Releases: lance-format/lance
v0.4.8 Better support for nested fields and more supported predicates
Previously predicates on nested (and deeply nested) fields were not properly supported. This release adds support for filtering on struct sub-fields or deeply nested structs.
We also add support for more filter predicates and fixed a regression in NULL handling for string columns.
What's Changed
- Fix nested schema merge by @changhiskhan in #836
- Fix nested field filtering by @changhiskhan in #837
- Fix Projection for struct fields by @changhiskhan in #844
- [Bug] Calculating the nulls from position slices in chunks. by @eddyxu in #846
- Add tests for is_NULL, is_not_null, and invert in filter by @eddyxu in #847
Full Changelog: v0.4.7...v0.4.8
v0.4.7 Random access improvements
In this version, we improve the random access over cloud storage by allowing a higher number of parallel I/Os.
What's Changed
- [Rust] increase parallelism, reduce array build overhead by @eddyxu in #830
- Recursively merge record batches by @changhiskhan in #833
- Allow user to customize BlockSize on ObjectStore. by @eddyxu in #835
Full Changelog: v0.4.6...v0.4.7
v0.4.6 Support FileFragment creation
Allows the creation of a distributed lance dataset from scratch
What's Changed
Full Changelog: v0.4.5...v0.4.6
v0.4.5 Preview private API for merging columns
Welcome @Mause as our newest contributor! Also, a big thank you for your work on the duckdb extension framework.

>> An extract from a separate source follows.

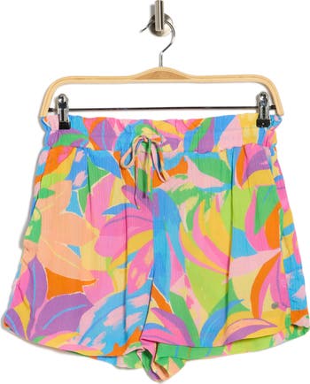 Unwind by the water or wander the shoreline in these paperbag-waist cover-up shorts detailed in a vibrant front pattern.

In this release we added a preview of the feature to do distributed column additions. This makes it possible to distribute Lance Fragments across nodes, add a new column to each Fragment, and then write a new Lance dataset version manifest with the updated schema and files.
What's Changed
- add support for aws profile by @Renkai in #807
- Upgrade Arrow to 37 by @changhiskhan in #810
- Schema intersection by @eddyxu in #814
- Add a check to make sure field names don't contain periods by @changhiskhan in #816
- fix(docs): correct link to docs.rs by @Mause in #819
- update arrow version in duckdb extension by @changhiskhan in #817
- Do not use lifetime on FileWriter by @eddyxu in #820
- Setting field ID after merging the fields. by @eddyxu in #821
- [Rust] Project schema by schema by @eddyxu in #822
- Merge batches from multiple datafiles in the same Fragment by @eddyxu in #815
- Update README.md by @jaichopra in #809
- [Python] Provide a private / distributed add column api in Python by @eddyxu in #823
New Contributors
Full Changelog: v0.4.4...v0.4.5
v0.4.4 Various bug fixes
#805 fixed an integer overflow bug in the plain decoder that resulted in high latency for Take (and consequently high latency for the vector search). We'll be adding continuous performance benchmarks soon to prevent issues like this from being released in the future.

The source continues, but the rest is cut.